Amy Kang is senior director of platform product management at CaaStle, a company that manages rental services for apparel retailers. The end-to-end technology and logistics service manages all aspects of the clothing subscription: the website; databases; algorithms; analytics; distribution; clearing; shipping; and receiving. All its fashion partners do is provide the inventory.

CaaStle often works with retailers that want to create a rental model in addition to their linear retail model, and Kang said enabling retailers to expand their offerings is actually "really thinking about the customer."

"Consumers are showing up to ecommerce sites, and some might not be willing to pay the $200 ticket price for the thing they’re not so sure of, so we enable ‘borrow,’ a rental program embedded into their ecomm page," she explained. "So you can borrow it for two weeks at typically a quarter of the cost and see if it works. And if you love it, you can absolutely buy it."

Other companies solely offer rentals for consumer goods. Jay Reno, founder and CEO of Feather, a vertically integrated furniture rental company, described his company’s business operations and made the case for furniture rental. 

Feather furniture landing page

The company owns high-end, durable furniture, from couches to lamps to beds to standing desks to dining tables to bar carts. Customers can rent them individually or in a package — the "streamlined scandi" office package with a desk, chair, lamp and framed print goes for $63 a month with a 12-month plan (compare that to a retail price of $1,526). 

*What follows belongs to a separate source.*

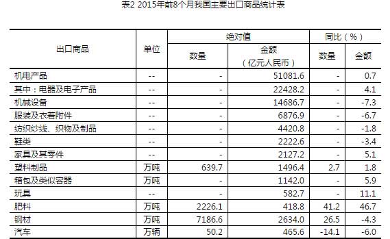 五、機電產(chǎn)品出口增長,傳統(tǒng)勞動密集型產(chǎn)品有所下降。前8個月,我國機電產(chǎn)品出口5.11萬億元,增長0.7%,占出口總值的57%。其中,電器及電子產(chǎn)品出口2.24萬億元,增長4.1%;機械設(shè)備1.47萬億元,下降7.3%。同期,服裝出口6876.9億元,下降6.7%;紡織品4420.8億元,下降1.8%;鞋類2222.6億元,下降3.4%;家具2127.2億元,增長5.1%;塑料制品1496.4億元,增長1.8%;箱包1142億元,增長5.9%;玩具582.7億元,增長11.1%;上述7大類勞動密集型產(chǎn)品合計出口1.89萬億元,下降2.1%,占出口總值的21.1%。此外,肥料出口2226.1萬噸,增加41.2%;鋼材7186.6萬噸,增加26.5%;汽車50.2萬輛,減少14.1%(表2)。

The company sells mainly to young urban apartment-dwellers, who want nice furniture but will likely move in the next year or two and don’t want to have to continue to keep furniture only to not fit in a new space, then have to sell it or throw it out. (According to the U.S. Environmental Protection Agency, furniture waste generated by Americans in 2017 alone totaled a staggering 12.2 million tons, and 80.2 percent of it went to landfill.) With a team of shippers and logistics planners, the company is in 12 U.S. cities.

Our challenge as an industry is to, with math, show the value of rental.

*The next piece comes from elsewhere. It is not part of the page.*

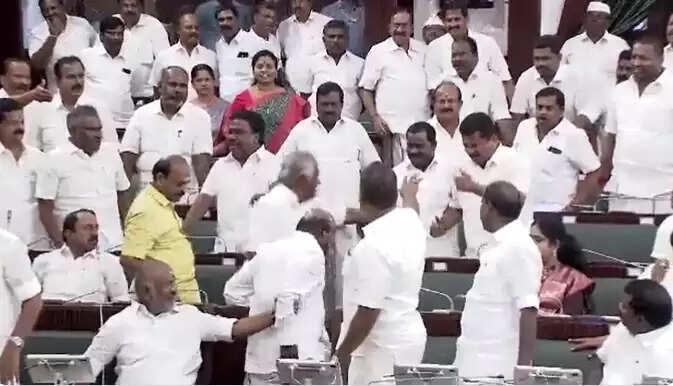 இந்த சூழலில் அதிமுக உறுப்பினர் கோவிந்தசாமிக்கும் மனோஜ் பாண்டியனுக்கும் கடும் வாக்குவாதம் ஏற்பட்டது. சட்டப்பேரவையில் மனோஜ் பாண்டியன் வேட்டியை மடித்து கட்டிக் கொண்டு எதிர்ப்பை காட்ட சென்றதால் பரபரப்பு ஏற்பட்டது. சபாநாயகரின் விளக்கத்தை ஏற்க மறுத்த அதிமுக உறுப்பினர்கள், தொடர்ந்து கூச்சலிட்டு வெளிநடப்பு செய்தனர்.

Reno explained the value proposition of the industry: "Our challenge as an industry is to, with math, show the value of rental: to show the cost of your time, of going out and spending weekends at Ikea, buying furniture from different places, having to assemble it yourself."

And, he can prove it: When the company partnered with West Elm to rent its furniture out a few years ago, the luxury furniture retailer found that new customers that had never bought from it before were shopping there.

This type of business model speaks to how modern consumers no longer dream to own things, but instead dream of experiencing things, Reno said. And no one has ever dreamed of just lugging things around.